В это утро голов было великое множество, поскольку другой сосед цирюльника, книготорговец, развесил на проволоке недавно полученные из Парижа эстампы, закрепив их бельевыми прищепками. По крайней мере, на четырех изображался лик короля Франции в обрамлении из солнц, шпаг и лавров. Но немало было и других голов в париках, принадлежавших, нужно полагать, самым важным вельможам Франции. Полководцев можно было узнать по их позе — манием руки они посылали в бой войска. Законники внушительно хмурились. Люди мысли тонко усмехались над виньеткой из перекрещивающихся гусиных перьев, под которой виднелись столбцы стихов, ничего не говоривших Ти Ноэлю, ибо рабы не разумели грамоте. Были там и раскрашенные гравюры менее торжественного свойства; на них изображались празднества с потешными огнями в честь взятия неприятельского города, комический балет в исполнении лекарей, вооруженных громадными клистирами, общество в саду, развлекающееся игрой в жмурки, молодые повесы, рука которых блуждает за вырезом корсажа горничной, или — излюбленный сюжет — хитроумный любовник, который прилег на траву и созерцает в экстазе тайные прелести дамы, в невинности души раскачивающейся на качелях.

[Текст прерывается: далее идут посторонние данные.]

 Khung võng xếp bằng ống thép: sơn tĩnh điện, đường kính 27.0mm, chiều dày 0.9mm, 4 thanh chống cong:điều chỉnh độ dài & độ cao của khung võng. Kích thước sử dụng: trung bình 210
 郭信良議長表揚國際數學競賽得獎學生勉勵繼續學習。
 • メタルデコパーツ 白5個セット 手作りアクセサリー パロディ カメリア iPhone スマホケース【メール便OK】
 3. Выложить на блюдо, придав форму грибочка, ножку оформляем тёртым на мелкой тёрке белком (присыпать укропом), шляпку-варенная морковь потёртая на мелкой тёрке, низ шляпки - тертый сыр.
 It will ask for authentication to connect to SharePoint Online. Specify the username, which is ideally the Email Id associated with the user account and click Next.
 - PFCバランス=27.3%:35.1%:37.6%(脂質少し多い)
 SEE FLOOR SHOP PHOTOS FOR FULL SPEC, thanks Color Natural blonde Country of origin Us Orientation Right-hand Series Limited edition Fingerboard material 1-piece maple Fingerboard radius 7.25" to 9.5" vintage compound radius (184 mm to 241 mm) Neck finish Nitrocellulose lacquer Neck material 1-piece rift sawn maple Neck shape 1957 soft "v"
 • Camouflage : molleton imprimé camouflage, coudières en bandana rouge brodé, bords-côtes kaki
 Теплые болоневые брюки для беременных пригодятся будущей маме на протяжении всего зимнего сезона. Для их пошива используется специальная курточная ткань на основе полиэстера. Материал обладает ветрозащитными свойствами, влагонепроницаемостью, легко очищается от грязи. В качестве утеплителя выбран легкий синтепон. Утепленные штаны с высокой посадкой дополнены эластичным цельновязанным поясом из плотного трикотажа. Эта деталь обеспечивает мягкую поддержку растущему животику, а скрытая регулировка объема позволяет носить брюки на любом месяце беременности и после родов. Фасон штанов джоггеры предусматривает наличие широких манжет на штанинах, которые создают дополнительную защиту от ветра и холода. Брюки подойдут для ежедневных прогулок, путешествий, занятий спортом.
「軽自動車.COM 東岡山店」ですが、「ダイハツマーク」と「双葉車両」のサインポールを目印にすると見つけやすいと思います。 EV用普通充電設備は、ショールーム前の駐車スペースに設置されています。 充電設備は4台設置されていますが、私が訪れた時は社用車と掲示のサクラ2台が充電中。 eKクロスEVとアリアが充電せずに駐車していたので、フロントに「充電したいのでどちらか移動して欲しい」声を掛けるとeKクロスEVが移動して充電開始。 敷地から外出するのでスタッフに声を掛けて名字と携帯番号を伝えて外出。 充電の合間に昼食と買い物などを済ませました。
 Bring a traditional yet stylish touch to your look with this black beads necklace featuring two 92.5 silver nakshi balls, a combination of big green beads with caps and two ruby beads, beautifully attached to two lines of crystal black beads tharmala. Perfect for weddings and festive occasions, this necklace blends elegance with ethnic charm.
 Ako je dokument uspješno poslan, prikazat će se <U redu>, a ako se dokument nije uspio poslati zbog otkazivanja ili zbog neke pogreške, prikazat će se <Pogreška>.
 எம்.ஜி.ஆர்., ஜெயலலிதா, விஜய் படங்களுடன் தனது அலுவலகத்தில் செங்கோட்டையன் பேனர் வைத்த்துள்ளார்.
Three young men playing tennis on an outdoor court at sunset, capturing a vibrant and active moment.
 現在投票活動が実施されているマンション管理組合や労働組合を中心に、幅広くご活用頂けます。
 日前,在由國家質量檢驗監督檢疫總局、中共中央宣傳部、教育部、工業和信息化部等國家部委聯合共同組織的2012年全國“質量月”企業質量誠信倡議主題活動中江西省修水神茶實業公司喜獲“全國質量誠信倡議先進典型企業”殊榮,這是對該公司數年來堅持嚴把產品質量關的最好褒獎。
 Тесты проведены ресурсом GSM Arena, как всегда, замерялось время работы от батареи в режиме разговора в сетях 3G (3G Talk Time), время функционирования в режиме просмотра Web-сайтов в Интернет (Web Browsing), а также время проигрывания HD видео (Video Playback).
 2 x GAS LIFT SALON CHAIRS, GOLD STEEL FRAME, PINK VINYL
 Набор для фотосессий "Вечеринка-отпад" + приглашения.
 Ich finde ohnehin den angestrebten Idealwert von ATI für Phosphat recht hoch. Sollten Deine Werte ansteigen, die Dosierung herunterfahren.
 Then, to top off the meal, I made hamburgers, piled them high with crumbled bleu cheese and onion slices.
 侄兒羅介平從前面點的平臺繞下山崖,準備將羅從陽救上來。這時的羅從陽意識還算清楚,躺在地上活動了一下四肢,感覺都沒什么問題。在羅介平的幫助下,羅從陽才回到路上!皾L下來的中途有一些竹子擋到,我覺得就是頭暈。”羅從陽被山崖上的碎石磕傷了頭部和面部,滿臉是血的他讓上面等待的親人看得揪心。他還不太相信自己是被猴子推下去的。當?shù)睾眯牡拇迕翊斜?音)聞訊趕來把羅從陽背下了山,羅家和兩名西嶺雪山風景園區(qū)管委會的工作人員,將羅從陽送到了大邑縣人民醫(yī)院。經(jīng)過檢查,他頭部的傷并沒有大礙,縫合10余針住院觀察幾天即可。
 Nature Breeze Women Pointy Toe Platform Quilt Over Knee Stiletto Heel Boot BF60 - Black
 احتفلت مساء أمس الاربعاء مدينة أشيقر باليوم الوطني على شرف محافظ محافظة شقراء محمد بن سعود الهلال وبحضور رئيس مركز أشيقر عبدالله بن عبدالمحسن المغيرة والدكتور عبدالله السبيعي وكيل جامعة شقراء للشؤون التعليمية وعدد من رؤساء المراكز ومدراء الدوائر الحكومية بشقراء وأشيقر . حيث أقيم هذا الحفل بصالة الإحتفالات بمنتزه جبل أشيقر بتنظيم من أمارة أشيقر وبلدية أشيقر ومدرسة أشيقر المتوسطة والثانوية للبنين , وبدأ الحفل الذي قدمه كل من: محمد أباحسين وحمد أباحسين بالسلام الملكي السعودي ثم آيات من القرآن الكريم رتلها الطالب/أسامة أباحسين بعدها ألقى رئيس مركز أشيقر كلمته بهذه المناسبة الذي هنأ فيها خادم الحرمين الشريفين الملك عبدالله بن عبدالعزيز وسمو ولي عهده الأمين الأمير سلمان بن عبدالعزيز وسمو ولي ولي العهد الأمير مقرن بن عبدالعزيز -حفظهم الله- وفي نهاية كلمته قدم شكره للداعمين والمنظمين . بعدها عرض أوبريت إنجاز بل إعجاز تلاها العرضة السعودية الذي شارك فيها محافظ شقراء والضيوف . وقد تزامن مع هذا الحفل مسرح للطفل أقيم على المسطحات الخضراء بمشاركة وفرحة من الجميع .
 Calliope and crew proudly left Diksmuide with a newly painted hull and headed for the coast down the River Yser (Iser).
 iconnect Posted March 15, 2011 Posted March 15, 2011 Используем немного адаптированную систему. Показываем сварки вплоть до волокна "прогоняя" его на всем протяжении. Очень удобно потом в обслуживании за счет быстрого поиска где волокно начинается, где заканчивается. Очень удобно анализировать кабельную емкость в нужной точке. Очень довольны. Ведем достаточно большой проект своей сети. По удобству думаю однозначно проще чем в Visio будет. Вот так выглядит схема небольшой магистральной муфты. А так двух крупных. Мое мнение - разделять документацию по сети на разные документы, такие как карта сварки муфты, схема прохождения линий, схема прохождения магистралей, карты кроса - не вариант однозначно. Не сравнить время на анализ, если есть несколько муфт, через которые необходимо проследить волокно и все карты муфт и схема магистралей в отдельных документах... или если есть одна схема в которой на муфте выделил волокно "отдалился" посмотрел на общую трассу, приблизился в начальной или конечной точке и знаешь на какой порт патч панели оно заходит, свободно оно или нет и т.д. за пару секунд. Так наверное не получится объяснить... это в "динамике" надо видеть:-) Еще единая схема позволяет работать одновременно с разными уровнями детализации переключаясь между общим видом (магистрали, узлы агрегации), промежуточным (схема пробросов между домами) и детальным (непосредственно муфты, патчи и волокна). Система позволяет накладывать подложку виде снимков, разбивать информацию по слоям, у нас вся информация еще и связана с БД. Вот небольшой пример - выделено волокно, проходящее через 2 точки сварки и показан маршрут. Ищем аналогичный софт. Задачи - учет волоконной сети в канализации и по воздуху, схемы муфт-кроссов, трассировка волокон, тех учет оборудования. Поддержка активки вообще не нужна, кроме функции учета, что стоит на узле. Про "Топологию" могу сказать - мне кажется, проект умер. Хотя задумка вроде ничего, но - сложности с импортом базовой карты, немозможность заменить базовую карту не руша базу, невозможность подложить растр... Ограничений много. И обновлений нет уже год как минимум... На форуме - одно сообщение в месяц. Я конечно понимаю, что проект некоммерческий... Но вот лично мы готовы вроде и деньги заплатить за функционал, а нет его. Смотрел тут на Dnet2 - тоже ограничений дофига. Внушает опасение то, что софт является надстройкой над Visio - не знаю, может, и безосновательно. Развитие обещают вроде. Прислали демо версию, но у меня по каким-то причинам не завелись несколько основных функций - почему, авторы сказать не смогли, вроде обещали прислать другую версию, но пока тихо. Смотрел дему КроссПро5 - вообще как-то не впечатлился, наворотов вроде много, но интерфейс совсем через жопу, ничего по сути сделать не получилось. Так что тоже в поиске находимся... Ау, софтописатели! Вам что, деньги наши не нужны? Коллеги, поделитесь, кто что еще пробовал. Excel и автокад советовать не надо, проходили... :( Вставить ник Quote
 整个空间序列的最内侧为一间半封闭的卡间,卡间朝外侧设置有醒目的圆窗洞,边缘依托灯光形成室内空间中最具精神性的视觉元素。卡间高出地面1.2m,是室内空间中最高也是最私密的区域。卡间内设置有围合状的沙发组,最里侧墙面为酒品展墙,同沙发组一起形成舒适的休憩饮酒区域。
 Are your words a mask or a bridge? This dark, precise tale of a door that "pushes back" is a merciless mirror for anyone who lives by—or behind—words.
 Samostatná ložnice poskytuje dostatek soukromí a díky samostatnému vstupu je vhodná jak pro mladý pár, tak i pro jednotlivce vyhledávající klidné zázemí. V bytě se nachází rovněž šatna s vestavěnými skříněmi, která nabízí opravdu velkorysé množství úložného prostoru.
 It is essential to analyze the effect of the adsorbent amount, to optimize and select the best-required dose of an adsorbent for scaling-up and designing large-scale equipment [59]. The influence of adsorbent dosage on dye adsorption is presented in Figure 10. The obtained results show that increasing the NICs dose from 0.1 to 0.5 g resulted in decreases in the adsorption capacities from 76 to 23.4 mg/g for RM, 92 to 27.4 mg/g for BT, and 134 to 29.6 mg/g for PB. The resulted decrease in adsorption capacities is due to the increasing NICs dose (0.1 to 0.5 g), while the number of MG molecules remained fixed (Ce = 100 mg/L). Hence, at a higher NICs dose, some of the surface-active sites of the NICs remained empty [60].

Но в этот момент внимание Ти Ноэля привлекла гравюра на меди, последняя в ряду и отличавшаяся от прочих и темою и исполнением. На ней был изображен некий француз, то ли адмирал, то ли посол, он стоял перед негром, восседавшим на троне, вокруг негра колыхались опахала из перьев, а трон был разукрашен резьбою, представлявшей обезьян и ящериц.
— Это что за люди? — дерзко осведомился Ти Ноэль у книготорговца, который, стоя на пороге своей лавки, раскуривал длинную глиняную трубку.
— Это король из твоих краев.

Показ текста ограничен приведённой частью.